Howie Roseman's pattern with extensions is well-documented: he extends his own homegrown stars early when the evidence is overwhelming (Mailata, Smith, Hurts, Brown all got their second contracts a year before they had to). The fact that Carter is in his fourth year and the Eagles are still being patient is itself a signal. They are not in a hurry.

The Rosenhaus Pressure

Drew Rosenhaus is one of the most experienced agents in the league at orchestrating hold-ins and getting deals done. He represents a long list of Eagles players past and present (including Brandon Graham historically). The Rosenhaus playbook in these scenarios is consistent: produce the leverage moment in late spring, threaten to extend the hold-in into training camp, and force the team to make a decision before camp opens in late July.

That is the timeline that matters now. If a deal is not done by the time training camp opens, the hold-in either escalates (Carter staying off team reps in camp) or de-escalates (Carter returns under his existing contract while talks continue). Either is possible. Both come with risk to the team.

What Sirianni Did Not Say

The head coach was asked directly about Carter's participation status at the Day 2 minicamp press conference. He did not call it a hold-in. He did not address the contract talks. He gave the answer of a coach who has been told to stay out of it.

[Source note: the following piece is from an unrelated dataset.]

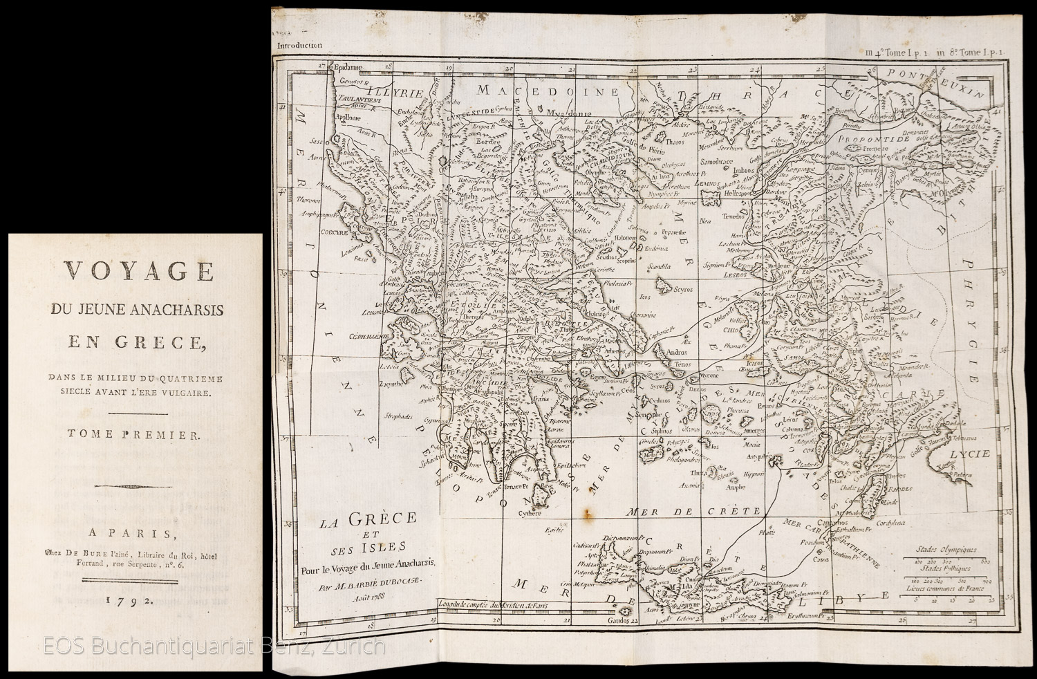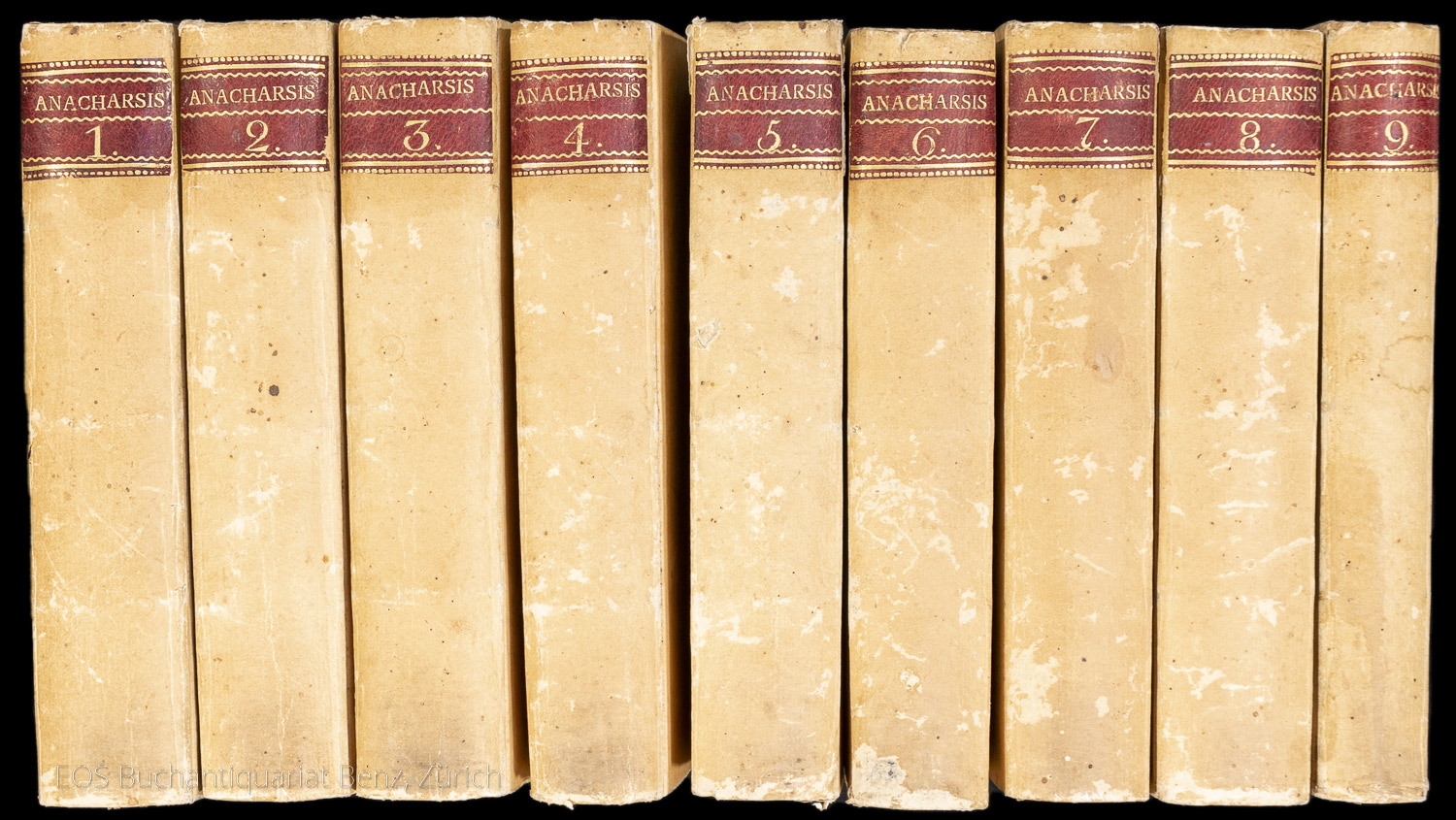 Barthélemy, Jean-Jacques: Voyage du jeune Anacharsis en Grèce. Paris, De Bure, 1792. 9 Bände. Mit einer gef. Karte. Pappbände der Zeit mit roten Rückensch.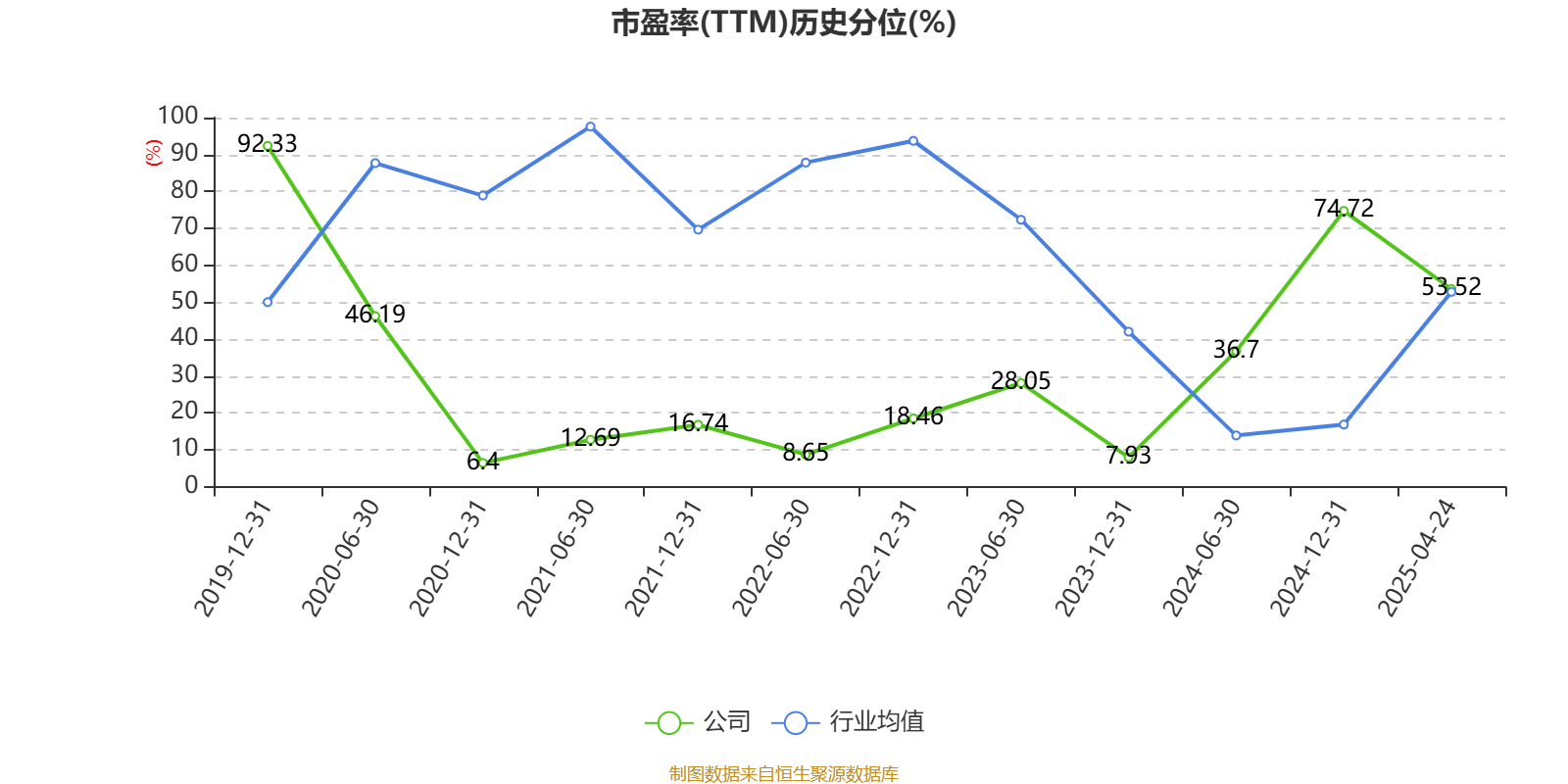 市盈率、市净率为负时,不显示当期分位数,会导致折线图中断。

"You know, right now I've been able to work some individual scenarios, you know, an individual practices and that's where he's at this point in the offseason.", Nick Sirianni

That is coach-speak for: the front office handles this, I coach the players who are on the field, my job is to be neutral. The fact that Sirianni did not push back on the hold-in framing or insist Carter would be at camp is telling. Coaches who think a contract issue is on the verge of resolving sound different than coaches who do not.

What Happens Next

The Eagles break until training camp opens in late July. The window for getting a deal done before camp is six weeks. Three scenarios from here:

  1. Deal gets done before camp. Carter signs at $32-35M per year. The Eagles lock in their best young defender for the next 5-6 years. Howie Roseman wins the offseason. This is the cleanest outcome.
  2. Hold-in extends into camp. Carter shows up in late July, attends meetings, refuses to practice. The story dominates a week of training camp coverage, the pressure builds, and a deal eventually gets done. This is the more uncomfortable version.
  3. No deal, Carter plays out his fourth year. The Eagles let the situation drift through 2026 (Carter is signed through this year on his rookie deal anyway). Both sides bet on the 2026 season clarifying the medical and maturity questions. This is the riskiest path for the team because Carter has every reason to be cautious about injuries on a one-year-left contract.

The most likely outcome is some version of the second scenario. The deal gets done, but late, and there is some camp drama on the way there. Carter is too good to alienate. The Eagles know it. The market is what it is.

The question for the next six weeks is whether the front office is willing to be the team that resets the interior defensive line market. The answer they give will determine the entire 2026 defense.